* [EXERCISE BRIEF]: Could you repeat every record below exactly, leaving out the pictures?

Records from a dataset
>>>

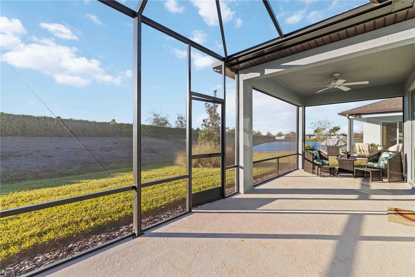 Welcome to Bayview, an exceptional 55+ gated & golf cart community where you can live everyday like you're on vacation Discover new friends, become involved in many social activities, enjoy state of the art amenities including a nearly 25,000 sqft amenity center, resort style pool with cabanas and resistance pool, our own restaurant the "Sailfish Grill" with full bar inside & out, flat screen tv's, billiard tables, bandshell area for live entertainment, dock on water with kayak launch, corn toss, bocce ball/pickleball/tennis/shuffleboard courts, hot tub, fire pit sitting area, walking trails, dog park, fitness center, garden center, garden club and much more. Step into this beautiful, light-filled home featuring 2 bedrooms, 2 bathrooms, and a versatile flex/office room with elegant double French doors. The open-concept floor plan is enhanced by an abundance of windows, creating a bright and inviting atmosphere throughout. The modern kitchen showcases stylish gray cabinetry, quartz countertops, brushed nickel hardware, natural gas, a closet pantry, Whirlpool stainless steel appliances, a mosaic tile backsplash, and pendant lighting over a large center island—perfect for cooking and entertaining. Additional features include 8-foot interior doors throughout and ceiling fans for added comfort. The spacious primary suite offers a spa-like bathroom with dual sinks, a large walk-in shower with seating, and convenient linen closet storage. The primary closet is thoughtfully designed with a built-in organizer for optimal functionality. Relax in the expansive gathering and living area that opens to an oversized screened lanai, where you’ll enjoy serene water views to the right. Unwind in the backyard and take in breathtaking sunset views—your perfect Florida retreat. HOA includes, shrubs, lawn, trimming, reclaimed water for irrigation, internet & cable, private roads, guard at gate, virtual gate after hours. The Sailfish Grill is 410.00 per year which you get to spend each year that amount free. With easy access to I-75, you're just a short drive from the Gulf of Mexico beaches, shopping, dining, and Tampa, St. Petersburg, Bradenton, and Sarasota. Experience the perfect blend of luxury and location in this pet-friendly oasis. Come see this beautiful home today.
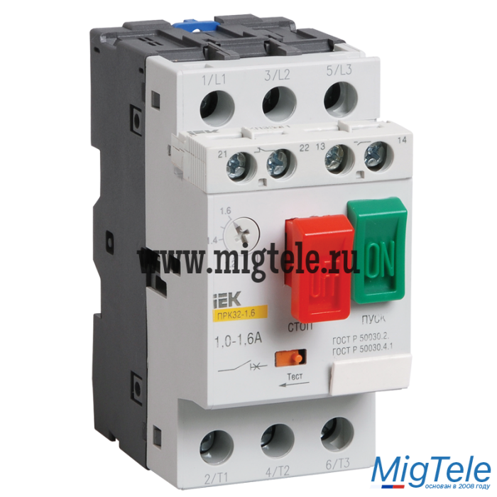 Пускатели серии ПРК-32 торговой марки IEK предназначены для управления и защиты трехфазных асинхронных электродвигателей от перегрузки, коротких замыканий и неполнофазных режимов работы. Совмещают в себе несколько функций: функции "Автомата защиты двигателя" и функции ручного пускателя. Применяются на промышленных объектах, в сельском хозяйстве, строительстве. Также возможно использование для местного управления отдельными электродвигателями, в автоматике жилых и административных сооружений. Категория применения АС-3. По своим конструктивным и техническим характеристикам пускатели кнопочные серии ПРК соответствуют требованиям российских и международных стандартов ГОСТ Р 50030.2-99, ГОСТ Р 50030.4.1-2002. Пускатели кнопочные серии ПРК прошли сертификационные испытания и на их серийный выпуск получен сертификат соответствия РОСС С-МЕ01.В04759. Типоисполнение реле РТИ-3353; РТИ-3355 РТИ-3357; РТИ-3359 РТИ-3361; РТИ-3363 РТИ-3365. Высокая точность срабатывания. Удобная регулировка. Широкий ассортимент.
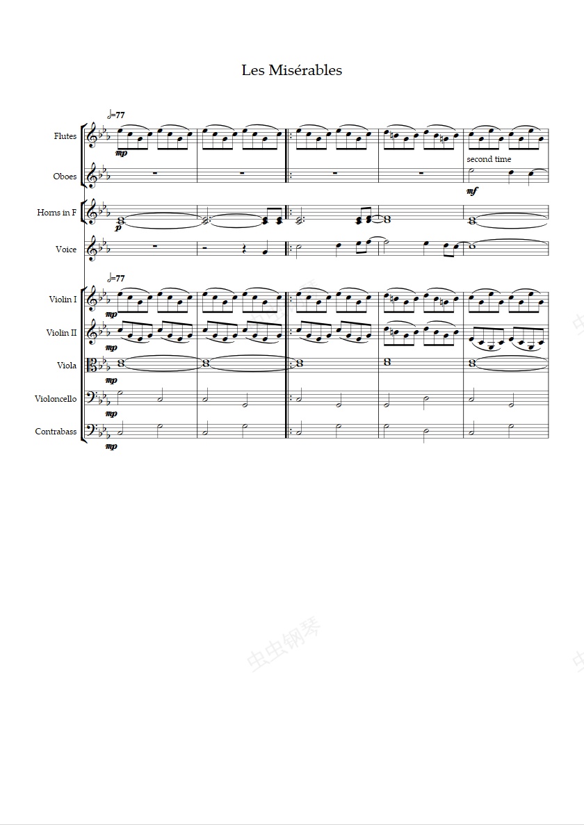 钢琴谱:Les Misérables 悲惨世界动画片主题
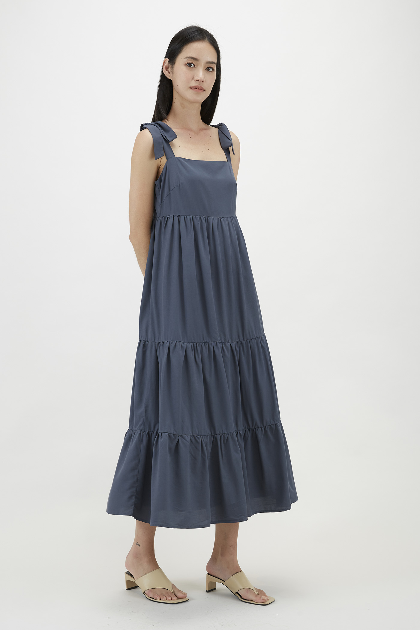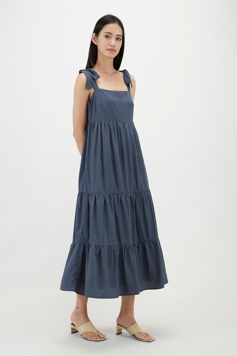 Greeta Tie-Strap Tiered Dress
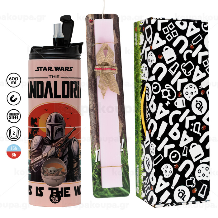 Mandalorian, Πασχαλινή Λαμπάδα με ΡΟΖ Travel Tumbler θερμό (600ml, BPA free) & κερί αρωματικό πλακέ (30cm) (ΡΟΖ)
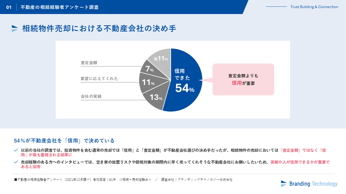 これまでのアンケート調査では、相続物件の売却依頼の大きな決定要因として「企業や担当者への信用力」が54%という高い比率で回答を得ました。売り主は、ホームページや、他のメディア、担当者などの企業についての情報に接触していくなかで、その企業は「本当に信頼できるのか?」が一つの大きな指針と考えております。今回のサービスでは、売主からの信頼を効果的に獲得していく方法をパッケージに致しました。
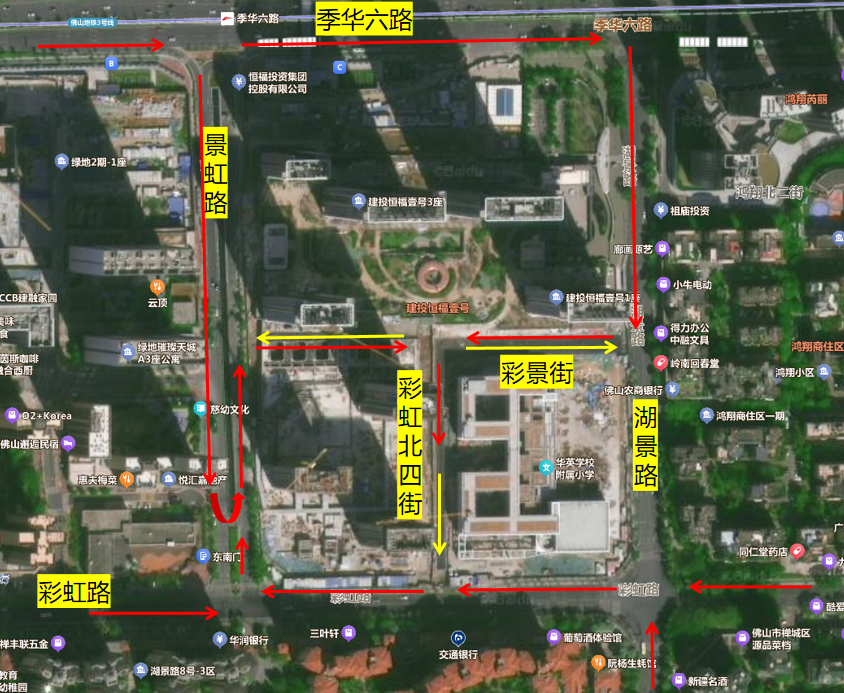 路线1:季华六路(西往东/东往西)→景虹路(北往南)→景虹路(南往北)→彩景街→彩虹北四街
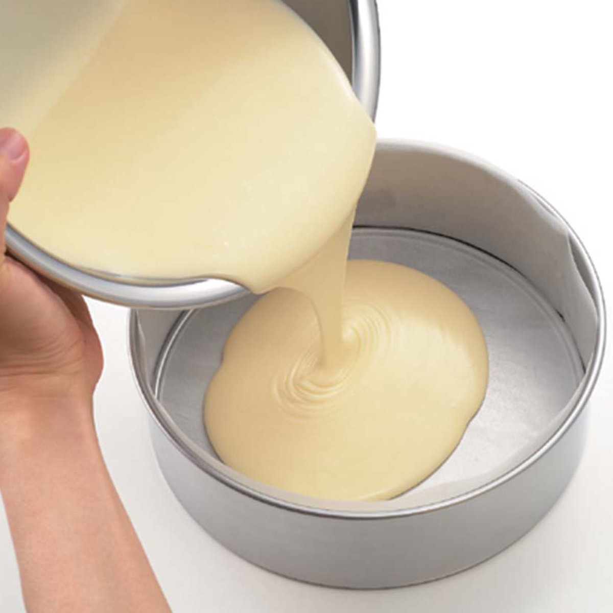 底板が外れるタイプのスポンジケーキ型です。仕上がりが柔らかく、ひっくり返して取り出すことのできないお菓子作りに適しています。焦げ付きにくく、きれいな焼き上がりのままお皿にうつすことができます。

<<<

* [RESULT BELOW]:
 Welcome to Bayview, an exceptional 55+ gated & golf cart community where you can live everyday like you're on vacation Discover new friends, become involved in many social activities, enjoy state of the art amenities including a nearly 25,000 sqft amenity center, resort style pool with cabanas and resistance pool, our own restaurant the "Sailfish Grill" with full bar inside & out, flat screen tv's, billiard tables, bandshell area for live entertainment, dock on water with kayak launch, corn toss, bocce ball/pickleball/tennis/shuffleboard courts, hot tub, fire pit sitting area, walking trails, dog park, fitness center, garden center, garden club and much more. Step into this beautiful, light-filled home featuring 2 bedrooms, 2 bathrooms, and a versatile flex/office room with elegant double French doors. The open-concept floor plan is enhanced by an abundance of windows, creating a bright and inviting atmosphere throughout. The modern kitchen showcases stylish gray cabinetry, quartz countertops, brushed nickel hardware, natural gas, a closet pantry, Whirlpool stainless steel appliances, a mosaic tile backsplash, and pendant lighting over a large center island—perfect for cooking and entertaining. Additional features include 8-foot interior doors throughout and ceiling fans for added comfort. The spacious primary suite offers a spa-like bathroom with dual sinks, a large walk-in shower with seating, and convenient linen closet storage. The primary closet is thoughtfully designed with a built-in organizer for optimal functionality. Relax in the expansive gathering and living area that opens to an oversized screened lanai, where you’ll enjoy serene water views to the right. Unwind in the backyard and take in breathtaking sunset views—your perfect Florida retreat. HOA includes, shrubs, lawn, trimming, reclaimed water for irrigation, internet & cable, private roads, guard at gate, virtual gate after hours. The Sailfish Grill is 410.00 per year which you get to spend each year that amount free. With easy access to I-75, you're just a short drive from the Gulf of Mexico beaches, shopping, dining, and Tampa, St. Petersburg, Bradenton, and Sarasota. Experience the perfect blend of luxury and location in this pet-friendly oasis. Come see this beautiful home today.
 Пускатели серии ПРК-32 торговой марки IEK предназначены для управления и защиты трехфазных асинхронных электродвигателей от перегрузки, коротких замыканий и неполнофазных режимов работы. Совмещают в себе несколько функций: функции "Автомата защиты двигателя" и функции ручного пускателя. Применяются на промышленных объектах, в сельском хозяйстве, строительстве. Также возможно использование для местного управления отдельными электродвигателями, в автоматике жилых и административных сооружений. Категория применения АС-3. По своим конструктивным и техническим характеристикам пускатели кнопочные серии ПРК соответствуют требованиям российских и международных стандартов ГОСТ Р 50030.2-99, ГОСТ Р 50030.4.1-2002. Пускатели кнопочные серии ПРК прошли сертификационные испытания и на их серийный выпуск получен сертификат соответствия РОСС С-МЕ01.В04759. Типоисполнение реле РТИ-3353; РТИ-3355 РТИ-3357; РТИ-3359 РТИ-3361; РТИ-3363 РТИ-3365. Высокая точность срабатывания. Удобная регулировка. Широкий ассортимент.
 钢琴谱:Les Misérables 悲惨世界动画片主题
 Greeta Tie-Strap Tiered Dress
 Mandalorian, Πασχαλινή Λαμπάδα με ΡΟΖ Travel Tumbler θερμό (600ml, BPA free) & κερί αρωματικό πλακέ (30cm) (ΡΟΖ)
 これまでのアンケート調査では、相続物件の売却依頼の大きな決定要因として「企業や担当者への信用力」が54%という高い比率で回答を得ました。売り主は、ホームページや、他のメディア、担当者などの企業についての情報に接触していくなかで、その企業は「本当に信頼できるのか?」が一つの大きな指針と考えております。今回のサービスでは、売主からの信頼を効果的に獲得していく方法をパッケージに致しました。
 路线1:季华六路(西往东/东往西)→景虹路(北往南)→景虹路(南往北)→彩景街→彩虹北四街
 底板が外れるタイプのスポンジケーキ型です。仕上がりが柔らかく、ひっくり返して取り出すことのできないお菓子作りに適しています。焦げ付きにくく、きれいな焼き上がりのままお皿にうつすことができます。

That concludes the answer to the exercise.